Single by Earth, Wind & Fire

from the album Touch the World
- B-side: "Money Tight"
- Released: January 1988
- Recorded: 1987
- Genre: R&B; dance-pop;
- Length: 3:54 (single version) 4:41 (album version)
- Label: Columbia
- Songwriters: Wayne Vaughn; Wanda Vaughn; Maurice White;
- Producer: Maurice White

Earth, Wind & Fire singles chronology
| "You and I" (1987) | "Thinking of You" (1988) | "Evil Roy" (1988) |

Music video
- "Thinking of You" on YouTube

= Thinking of You (Earth, Wind & Fire song) =

"Thinking of You" is a song by American band Earth, Wind & Fire, released in January 1988 on Columbia Records as the third single from their fourteenth studio album, Touch the World (1987).

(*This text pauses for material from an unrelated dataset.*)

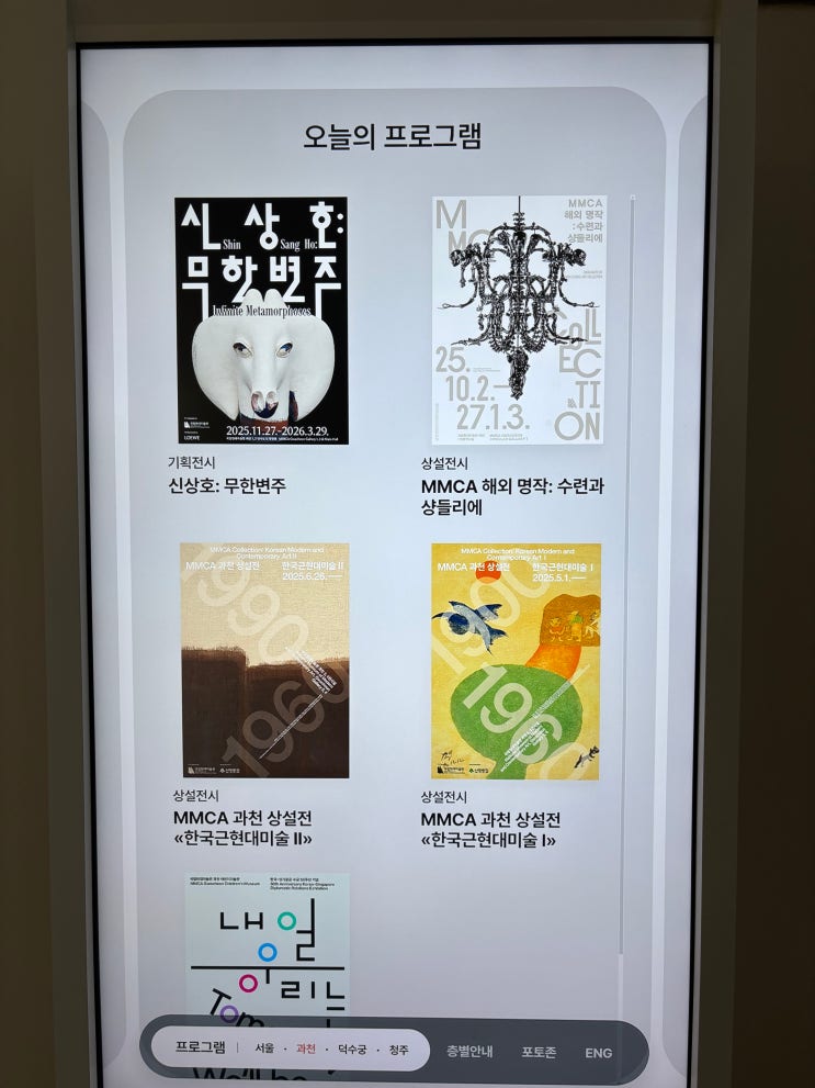 2026년 2월 8일 국립현대미술관 과천점. 여름이면 책 한권 들고 미술관 앞 벤치에 앉아 커피 한잔과 함께 읽다 오곤 했습니다. 지난 이건희컬렉션 관람 후 오랜만에 찾은 국립현대미술관입니다. 집근처에 있기에 마음 먹음과 동시에 움직일 수 있어서 얼마나 감사한지요^^ 전시를 다녀온 친구의 추천으로 참으로 신비로운 전시를 관람하고 왔습니다. 흙으로 빚은 푸른 색의 도자기는 그 자체로 아름다움입니다. 그러나 작가는 거기에 멈추지 않고, 아프리를 영감으로 한 많은 작품을 만들어왔습니다. 이제 신비로운 작품이 펼쳐집니다~ㅎ 더 많은 작품이 있었으나, 저는 이만큼의 작품만으로도 그 놀라움에 압도 되었기에 더이상 사진 찍기를 포....... <img src="https://blogthumb.pstatic.net/MjAyNjAyMjRfMTky/MDAxNzcxOTA1MDIyMDk4.hhK6TKRGleRfu_-C91qpJ6HIO7412tUxg2ByOXh3GQMg.seD08oAGVMTfSYdWf3sPmSjnIOxiguMB9Nr1PxP1IyYg.JPEG/KakaoTalk_20260224_124520369_25.jpg?type=s3" />

It reached number one on the US Billboard Hot Dance Music/Club Play chart and number three on the Billboard Hot Soul Singles chart.

==Overview==
"Thinking of You" was produced and arranged by Maurice White. White also composed the song alongside Wayne Vaughn and Wanda Vaughn of the Emotions. Thinking of You came off EWF's 1987 album Touch The World.

"Thinking of You" spent two weeks atop the Billboard Hot Dance/Club Play chart in 1988.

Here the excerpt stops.